New book reflects on colonial heritage
AWARD-winning Chewton-based author Bonny Cassidy will be releasing her fourth book early next month.
Her new non-fiction work Monument (with a strikethrough the title) looks at colonial family history in relation to Indigenous people occupying the same lands through the focus on her own white settler genealogy.
Cassidy said the strike-through in the title represents the “selected remembering” of national history, and how she never comes to a conclusion about monuments of colonial history.
“Something that I noticed when I was doing that genealogical research and the more broader historic and regional research was collective silence of particularly non-Indigenous Anglo-Celtic people,” she said.
“One that didn’t come up in conversation or wasn’t acknowledged in terms of commemorative days or rituals.
“When I’m talking about traditions of silence, I’m thinking about the sort of national silence, you know, the great Australian silence of discussing and addressing colonisation en masse.
“But in the book, it’s all sort of brought down to the level of specific individuals in just one family tree.”

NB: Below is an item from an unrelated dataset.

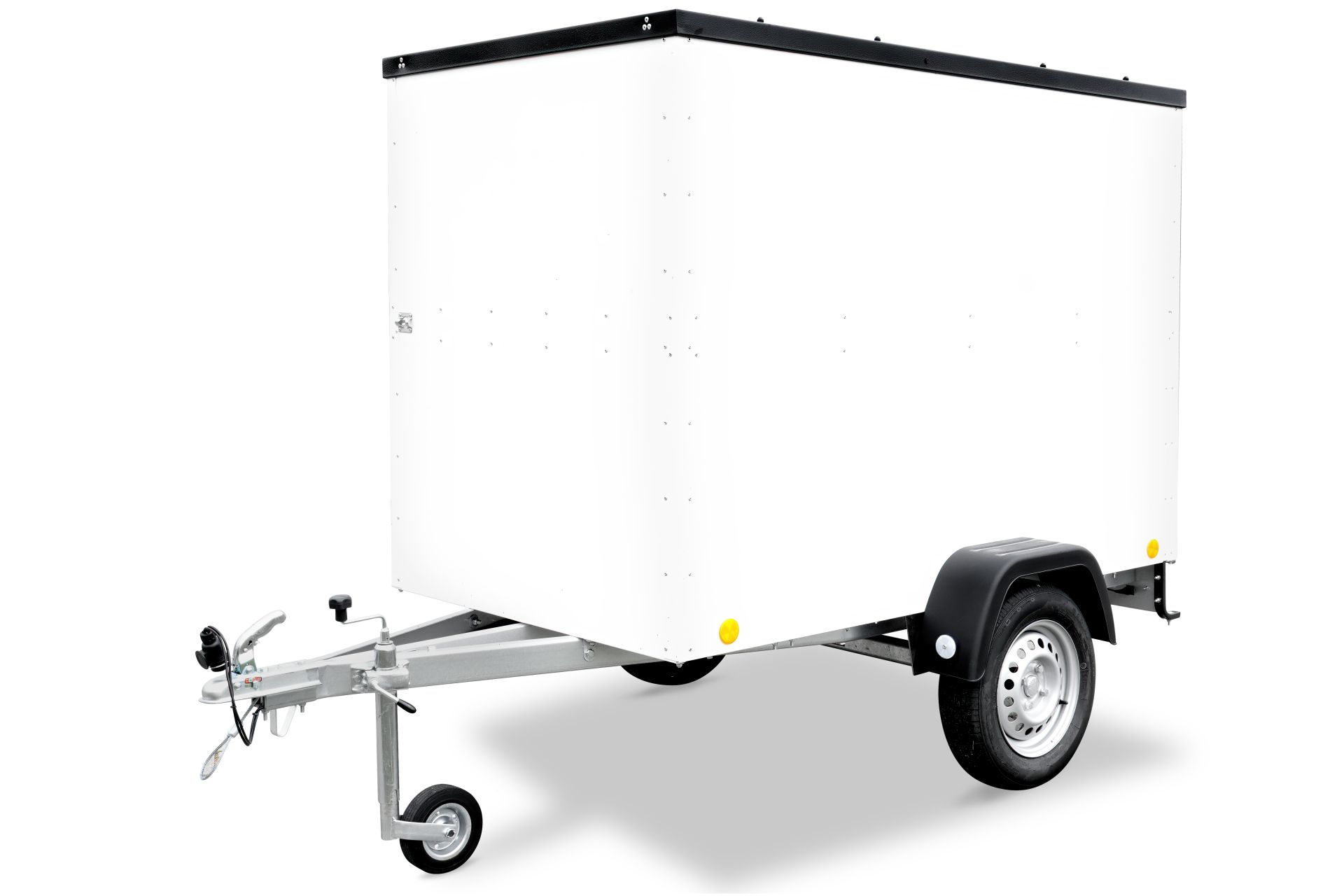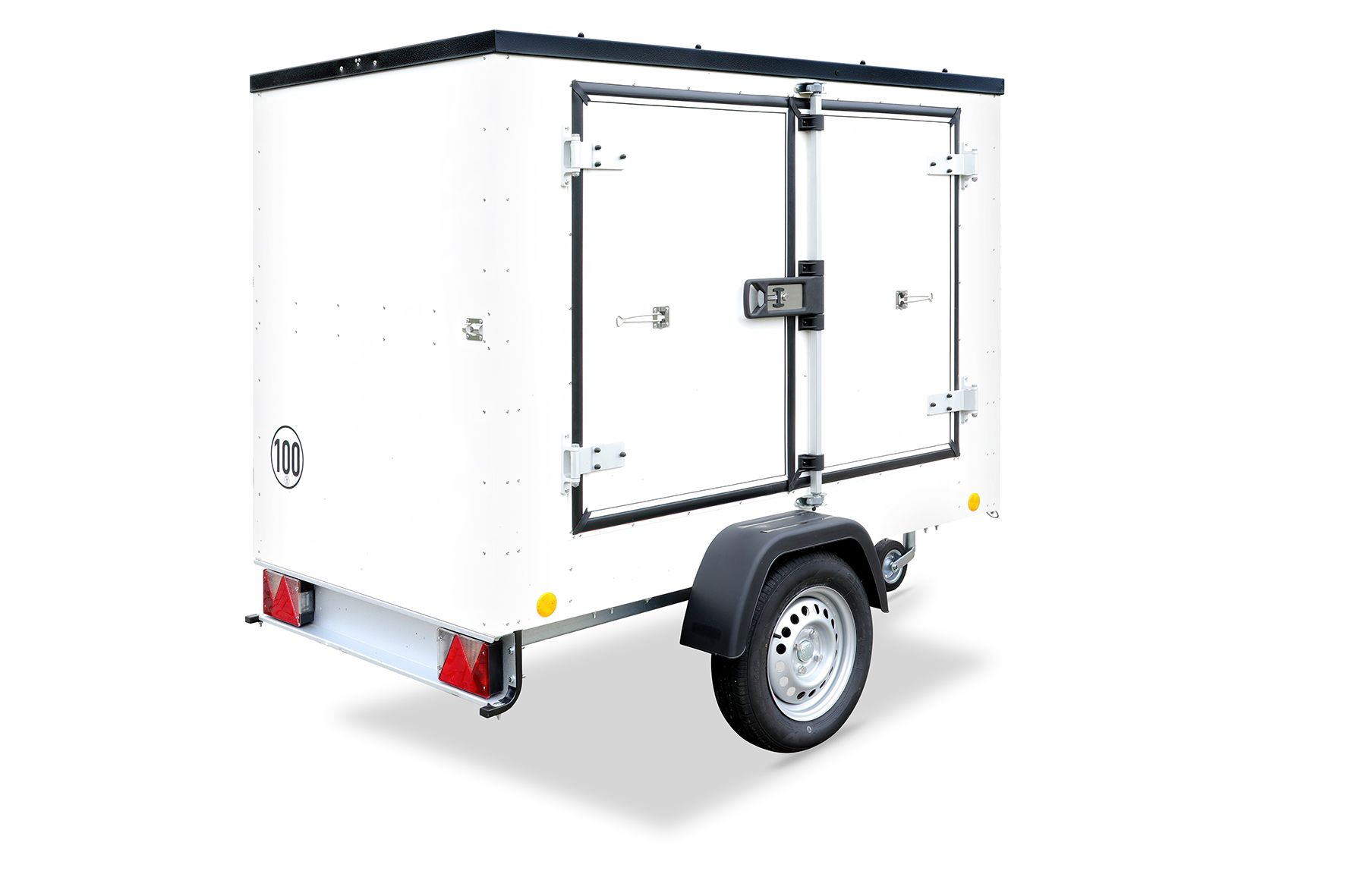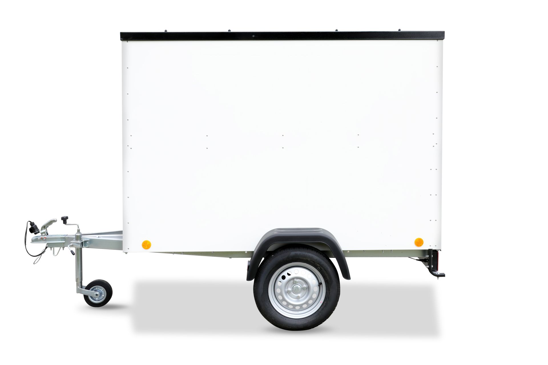 Der TPV Kofferanhänger KT-EB2 ist ein einachsiger, gebremster Verkaufsanhänger mit einer Zulässigen Gesamtmasse von 1000 kg. Die Doppelflügeltür rechts aus Plywood kann um 180 Grad geöffnet werden und ermöglicht die Montage von Prospektständern oder kleinen Regalen. Der Innenraum ist frei gestaltbar und kann individuell ausgebaut werden.

Cassidy said the idea of a ‘monument’ for this work pertains to it in both the noun and metaphorical senses.
“There are still very few (monuments) that commemorate or ritualise inter-cultural colonial lives or encounters, and that’s certainly something that has become a really animated public conversation in the last few years,” she said.
“While we’re used to going into a country town and seeing a cenotaph to diggers, to Anzacs for example, we’re not used to driving into a town and seeing a monument that says a number of people were massacred on this spot, for example.”
At the time of writing, Cassidy said there was much debate about what to do about structures celebrating people or events while oppressing others, such as First Nations peoples.
“I find it really interesting, that tension between erasing and cancelling something, updating it reframing it, or even removing it and replacing it with a different kind of acknowledgment,” she said.
“We never talked within the family about whose country were they on, were traditional owners still there?
“What era of colonial policy was that when these people were around? Were there friendships with Indigenous people and family members? Were there working relationships?
“And so, I got really curious about how, I guess, a very ordinary story about a white non-Indigenous family history is kind of packed with all this unspoken colonial history that’s actually typical on a much bigger scale.”
Cassidy said the idea for a piece shortlisted for The Nature Conservancy’s 2023 Nature Writing Prize, A Custodial Species, was derived from the work for this book.
Monument, published by Giramondo, will be out on Thursday 1 February.